Claim 16 and its dependent claims recite “the molding compound of claim 0” in line 3 of claim 16. It is therefore unclear which claim the claim is supposed to depend on. For the purposes of examination, claim 16 and its dependent claims have been considered to depend on claim 13, in accordance with the previous claim set filed 5/18/23 and because claim 13 recites a molding compound.
Claim Rejections - 35 USC § 103
Claims 1-2, 7, and 9-10 are rejected under 35 U.S.C. 103 as being unpatentable over Chen (U.S. Pat. No. 5,043,102).
In column 3 lines 5-16 Chen discloses a conductive adhesive composition comprising an epoxy resin system comprising at least one low viscosity epoxy resin and at least one epoxy resin hardener, at least one unsaturated monomer, and at least one free radical monomer. In column 3 lines 7-66 Chen discloses that the epoxy resin is preferably a bisphenol epoxy resin, as recited in component (a) of claim 1, or a novolac epoxy (column 3 line 52), also as recited in claim 1. From column 3 line 67 through column 4 line 17 Chen discloses that the hardener can be a guanidine, as recited for the latent hardener of component (b) of claim 1, or a urea, as recited for the crosslinking accelerator of component (d) of claim 1. While Chen does not specifically disclose the urea as a crosslinking accelerator, Chen discloses that the urea can be 3-(4-chlorophenyl)-1,1-dimethylurea, which is equivalent to the N,N-dimethyl-N′-(4-chlorophenyl)urea disclosed in paragraph 55 of the current specification as being a crosslinking accelerator. In column 4 lines 33-49 Chen discloses that the preferred unsaturated monomer component is an acrylate monomer, as recited in component (c) of claim 1.
Since the composition of Chen meets the compositional limitations of the claims, the composition will be obtainable by mixing the components at room temperature, meeting the product-by-process limitations of claim 2. It is noted that in column 6 lines 11-22 Chen does not provide any indication that heating or cooling is required when the components are mixed.

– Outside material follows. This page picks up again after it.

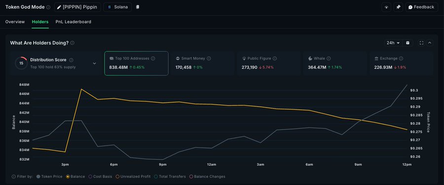 $PIPPIN이 지난 24시간 동안 17.23% 상승한 이유에 대한 숏 홀더 분석. 🔝 상위 100개 주소: +0.45% 👔 공인 수치: -5.74% 🐳 고래: +1.74% 🏦 외환 유출액: 1.9%

In column 3 lines 40-44 Chen disclose that the epoxy resin can be formed by the reaction of a bisphenol resin and epichlorohydrin, as recited in claim 7. Claim 9 is also met for the case where the resin is the bisphenol epoxy resin. In column 4 lines 40-44 Chen discloses various acrylate monomers having molecular weights of less than or equal to 300 g/mol, meeting the limitations of claim 10.
The difference between Chen and the currently presented claims is that Chen does not specifically disclose a composition comprising both the guanidine and the urea. However, as discussed above, Chen discloses that both the guanidine and the urea are useful as hardeners. Case law holds that “It is prima facie obvious to combine two compositions each of which is taught by the prior art to be useful for the same purpose, in order to form a third composition to be used for the very same purpose.... [T]he idea of combining them flows logically from their having been individually taught in the prior art.” In re Kerkhoven, 626 F.2d 846, 850, 205 USPQ 1069, 1072 (CCPA 1980) (citations omitted). It therefore would have been obvious to one of ordinary skill in the art to include both the guanidine and the urea in the composition of Chen, meeting the limitations of claims 1-2, 7, and 9-10 and rendering those claims obvious.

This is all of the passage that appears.